I pianeti extra-solari e la ricerca della vita
La scoperta del primo pianeta extra-solare (o esopianeta: è un pianeta esterno al sistema solare), avvenne ventisei anni fa, quando gli astronomi Michel Mayor e Didier Queloz individuarono una massa gassosa, analoga a Giove, gravitante attorno a una stella simile al Sole, 51 Pegasi. Oggi, secondo lo stesso Mayor, manca molto poco alla scoperta della vita su altri pianeti: “Potremmo arrivarci già prima del 2030, ma di qui a ipotizzare un turismo spaziale come quello di Elon Musk ce ne passa”. Tra gli “osservati speciali” della missione del JWST ci saranno le cosiddette “superterre” o “mininettuni”, cioè dei pianeti la cui grandezza è superiore a quella della Terra ma inferiore a quella di Nettuno.
Sarà possibile osservarli e “vivisezionarli” meglio che con Hubble, e l’obiettivo sarà soprattutto quello di scoprire se dispongano di un’atmosfera, precondizione ineludibile anche solo per l’ipotesi remota di rintracciare tracce biologiche, tracce di vita. Secondo Kevin Stevenson, docente della Johns Hopkins University, “trovare segni di vita sarà difficile, e non sono sicuro nemmeno che troveremo bioforme, ma credo che scopriremo informazioni interessanti sulle atmosfere di questi pianeti in orbita intorno alle stelle”.

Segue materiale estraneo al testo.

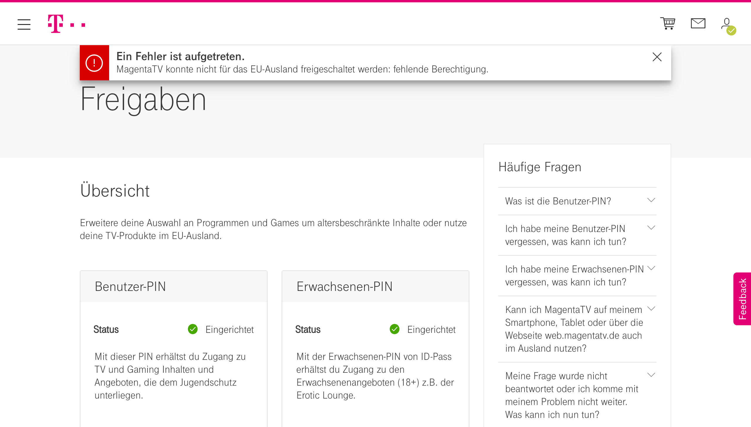 ich bin bis Ende nächster Woche in Norwegen unterwegs. Würde dort gerne auch MagentaTV nutzen. Bin bereits in Norwegen. Leider sagt die App, dass ich die Nutzung aus dem Ausland erst freischalten muss. Das habe ich im Kundencenter versucht, leider bekomme ich eine Fehlermeldung von wegen fehlender Berechtigung (siehe Screenshot)
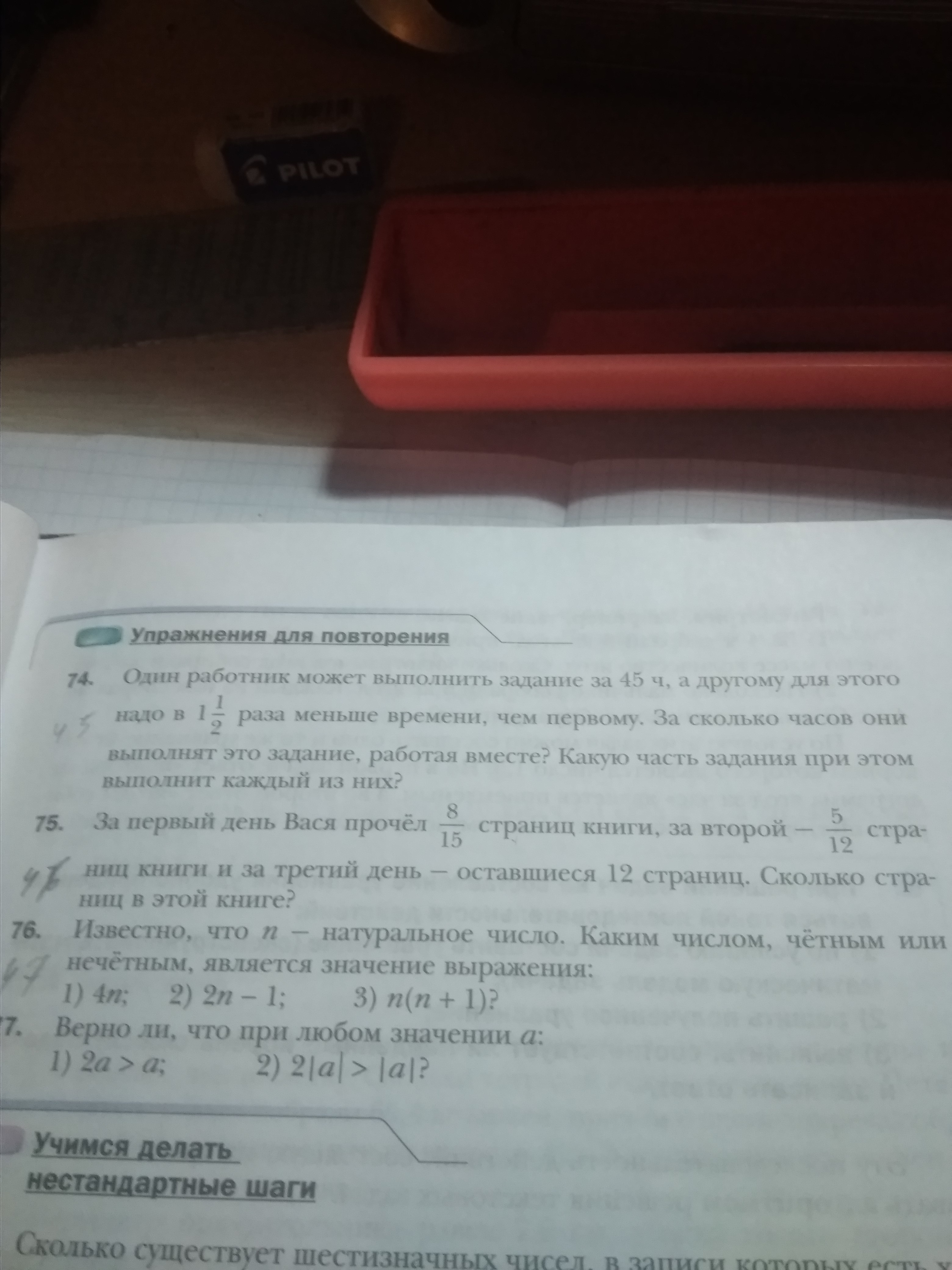 1) 1 : 45 = 1/45 - выполнит первый работник за 1 час работы
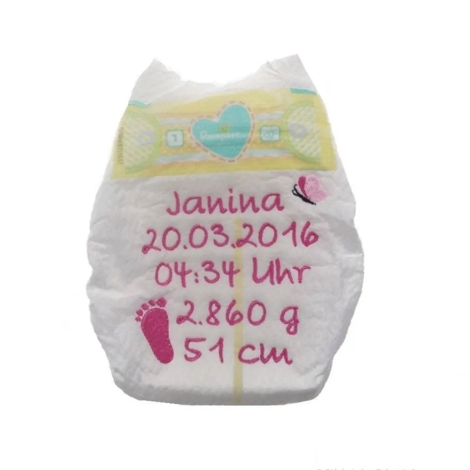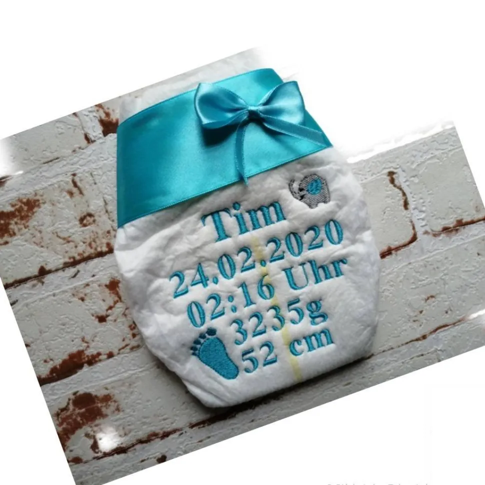 Dieses Produkt steht in keiner Verbindung mit Procter & Gamble. Procter & Gamble übernimmt keine Haftung für die bestickten Windeln.
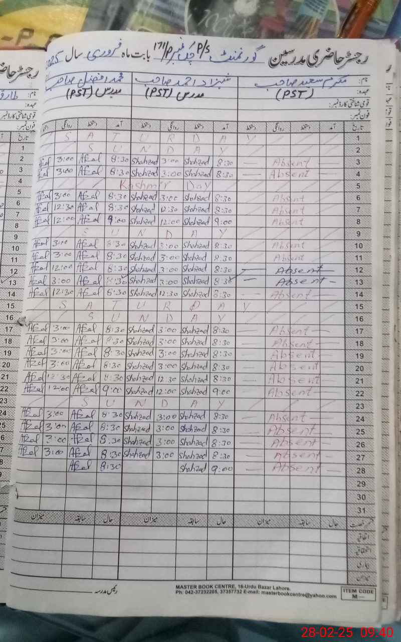 | CNIC | Full Name | Designation | R/C | Absence During Last Calender Month |
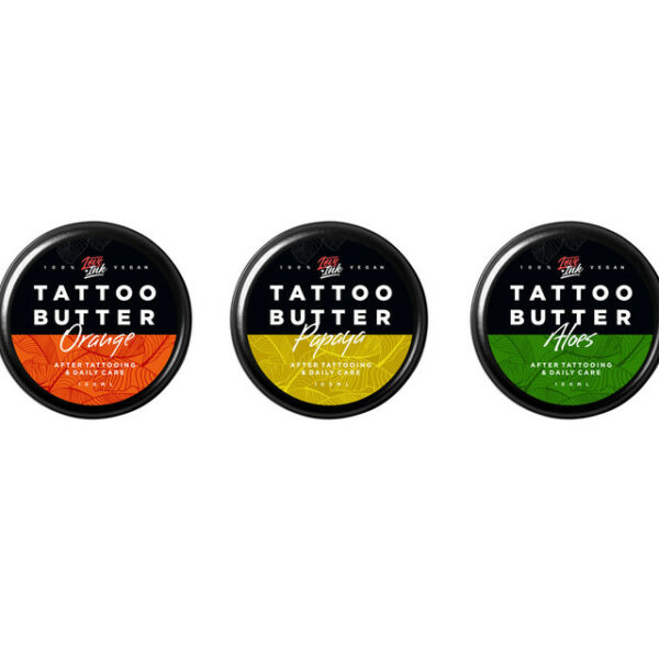 Loveink Tattoo Butter Orange - to masło do pielęgnacji tatuażu o zapachu słodkiej pomarańczy. Starannie dopasowany naturalny skład wzbogacony o olejek pomarańczowy, jest idealny do stosowania zarówno na co dzień, jak i w okresie gojenia, nadając tatuażowi blask i piękny wygląd. Kosmetyk chroni przed działaniem promieni UV, skutecznie zmniejsza uczucie swędzenia i pozostawia płaszcz ochronny (nie tłustą warstwę!), która nie brudzi ubrań i nie lepi się. Produkt jest bardzo wydajny - nałożenie cienkiej warstwy masła wystarcza by cieszyć się natychmiastowym efektem. Siła 100% natury:Olejek pomarańczowy ma działanie przeciwzapalne oraz nadaje piękny zapach;Masło morelowe silnie odżywia skórę ze względu na wysoką zawartość witaminy A i E;Olej z orzechów Macadamia tłoczony na zimno - zmiękcza skórę i łagodzi podrażnienia;Masło Shea odżywia i regeneruje, co bardzo wspiera proces gojenia się tatuażu;Masło migdałowe, czyli eliksir młodości. Przeciwdziała starzeniu się komórek skóry i ją nawilża;Olej kokosowy głęboko wchłania się w skórę zapewniając nawilżenie.100% VEGANKosmetyk przebadany dermatologicznie.Nie zawiera parabenów, konserwantów, ani substancji ropopochodnych. Pojemność: 100 mlSkład INCI: Butyrospermum Parkii Butter, Macadamia Ternifolia Seed Oil, Hydrogenated Vegetable Oil, Prunus Amygdalus Dulcis Oil, Prunus Armeniaca Kernel Oil, Cocos Nucifera Oil, Citrus Aurantium Dulcis Peel Oil, Citral, Limonene,Linalool, Citronellol, GeraniolLoveink Tattoo Butter Papaya - to masło do pielęgnacji tatuażu o zapachu papai. Starannie dopasowany naturalny skład wzbogacony o ekstrakt z owocu papai, jest idealny do stosowania zarówno na co dzień, jak i w okresie gojenia, nadając tatuażowi blask i piękny wygląd. Kosmetyk chroni przed działaniem promieni UV, skutecznie zmniejsza uczucie swędzenia i pozostawia płaszcz ochronny (nie tłustą warstwę!), która nie brudzi ubrań i nie lepi się. Produkt jest bardzo wydajny - nałożenie cienkiej warstwy masła wystarcza by cieszyć się natychmiastowym efektem. Siła 100% natury:Ekstrakt z owocu Papai nadaje niesamowity zapach;Masło morelowe silnie odżywia skórę ze względu na wysoką zawartość witaminy A i E;Olej z orzechów Macadamia tłoczony na zimno - zmiękcza skórę i łagodzi podrażnienia;Masło Shea odżywia i regeneruje, co bardzo wspiera proces gojenia się tatuażu;Masło migdałowe, czyli eliksir młodości. Przeciwdziała starzeniu się komórek skóry i ją nawilża;Olej kokosowy głęboko wchłania się w skórę zapewniając nawilżenie.100% VEGANKosmetyk przebadany dermatologicznie.Nie zawiera parabenów, konserwantów, ani substancji ropopochodnych. Pojemność: 100 mlSkład INCI: Butyrospermum Parkii Butter, Macadamia Ternifolia Seed Oil, Hydrogenated Vegetable Oil, Prunus Amygdalus Dulcis Oil, Prunus Armeniaca Kernel Oil, Cocos Nucifera Oil, PerfumeLoveink Tattoo Butter Aloes - to masło do pielęgnacji tatuażu o zapachu aloesowym. Starannie dopasowany naturalny skład wzbogacony o sok z liści aloesu, jest idealny do stosowania zarówno na co dzień, jak i w okresie gojenia, nadając tatuażowi blask i piękny wygląd. Kosmetyk chroni przed działaniem promieni UV, skutecznie zmniejsza uczucie swędzenia i pozostawia płaszcz ochronny (nie tłustą warstwę!), która nie brudzi ubrań i nie lepi się. Produkt jest bardzo wydajny - nałożenie cienkiej warstwy masła wystarcza by cieszyć się natychmiastowym efektem. Siła 100% natury:Sok z liści aloesu ma działanie łagodzące i przeciwzapalne. Ponad to przyspiesza gojenie ran, łagodzi podrażnienia, silnie nawilża i odżywia skórę oraz ma działanie bakteriobójcze;Masło morelowe silnie odżywia skórę ze względu na wysoką zawartość witaminy A i E;Olej z orzechów Macadamia tłoczony na zimno - zmiękcza skórę i łagodzi podrażnienia;Masło Shea odżywia i regeneruje, co bardzo wspiera proces gojenia się tatuażu;Masło migdałowe, czyli eliksir młodości. Przeciwdziała starzeniu się komórek skóry i ją nawilża;Olej kokosowy głęboko wchłania się w skórę zapewniając nawilżenie.100% VEGANKosmetyk przebadany dermatologicznie.Nie zawiera parabenów, konserwantów, ani substancji ropopochodnych. Pojemność: 100 mlSkład INCI: Butyrospermum Parkii Butter, Macadamia Ternifolia Seed Oil,Prunus Amygdalus Dulcis Oil, Prunus Armeniaca Kernel Oil, HydrogenatedVegetable Oil, Aloe Barbadensis Leaf Extract, Cocos Nucifera Oil,Tocopherol(witamina E), Aroma.
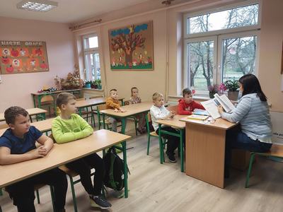 Uczniowie klasy I i II chętnie wysłuchali opowiadania pt. „Dronom wstęp wzbroniony – czyli prawo do prywatności ” z książki „Opowieści o prawach dziecka ” autorstwa Marka Michalaka. Wspólnie też powtórzyli słowa mantry: Jestem ważny! Jestem mądry! Jestem wyjątkowy! Jestem wystarczający!
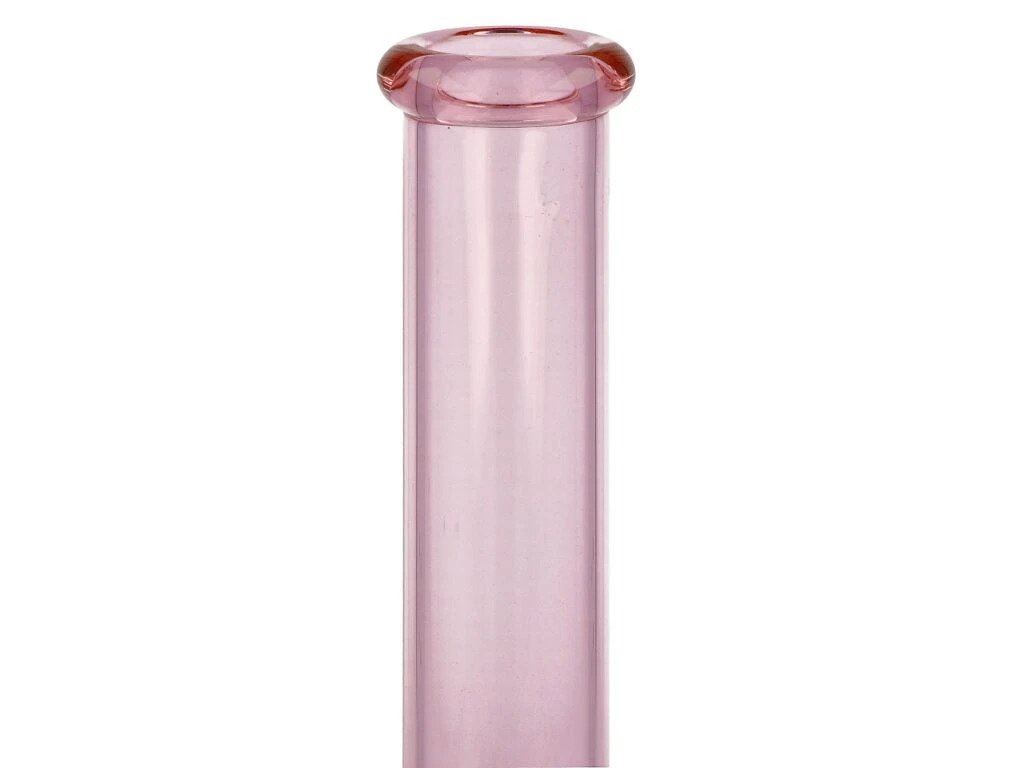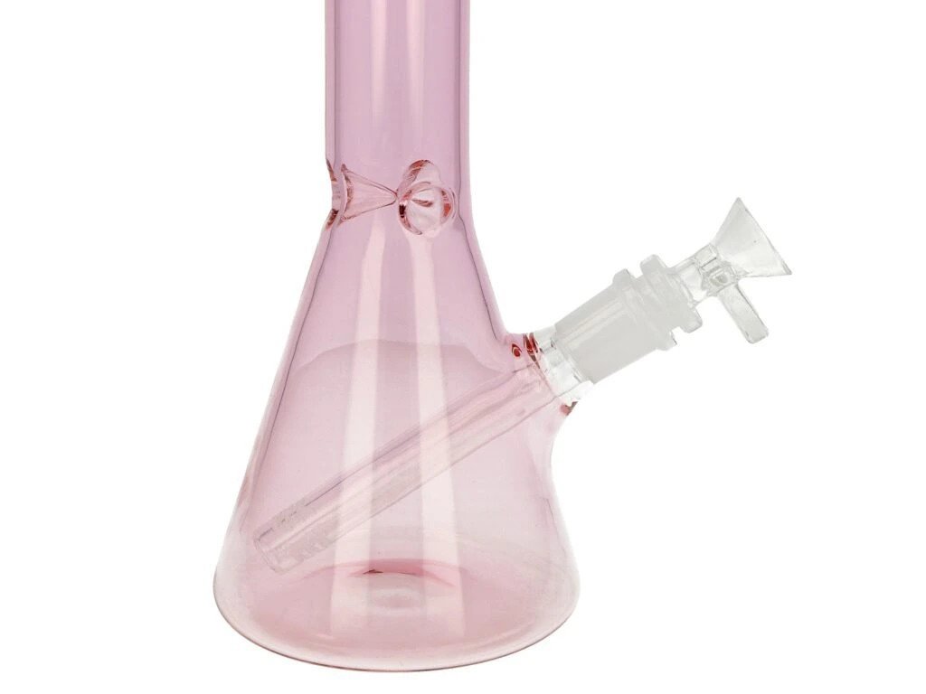 Skleněný bong Super Heroes Pink. Rovný transparentní bong ve tvaru Beaker je v jemném růžovém tónu. Ice bong ukončený silnějším hrdlem je vybavený "výstupky" pro udržení kostek ledu k ochlazení kouře. Oproti standardním bongům je tento prémiový bong vyrobený z tepelně odolného borosilikátového skla tloušťky 4 mm. Dvoudílný chillum s difuzérem je ukončený samostatným kotlíkem s menším otvorem cca 5 mm.

L’indiscrezione del Daily Mail
La NASA investe da anni sul coordinamento di iniziative atte a riflettere sulle implicazioni culturali delle scoperte dell’astrobiologia. Non stupirebbe, per questo, l’accertamento della veridicità delle indiscrezioni riportate in settimana dal Daily Mail: secondo il tabloid inglese, l’agenzia spaziale statunitense avrebbe “arruolato” un team di ventiquattro rappresentanti delle religioni più diffuse nel globo al fine di cercare la risposta a un quesito teologico: come reagirebbe l’umanità alla scoperta della vita aliena? Ecco che allora la conquista/scoperta dello spazio, a più di cinquant’anni dallo sbarco sulla Luna, potrebbe tornare a popolare la nostra società. In un impasto di inquietudini ed entusiasmo che non è poi così diverso da quello di Copernico, Darwin, Freud e di tutti i loro contemporanei.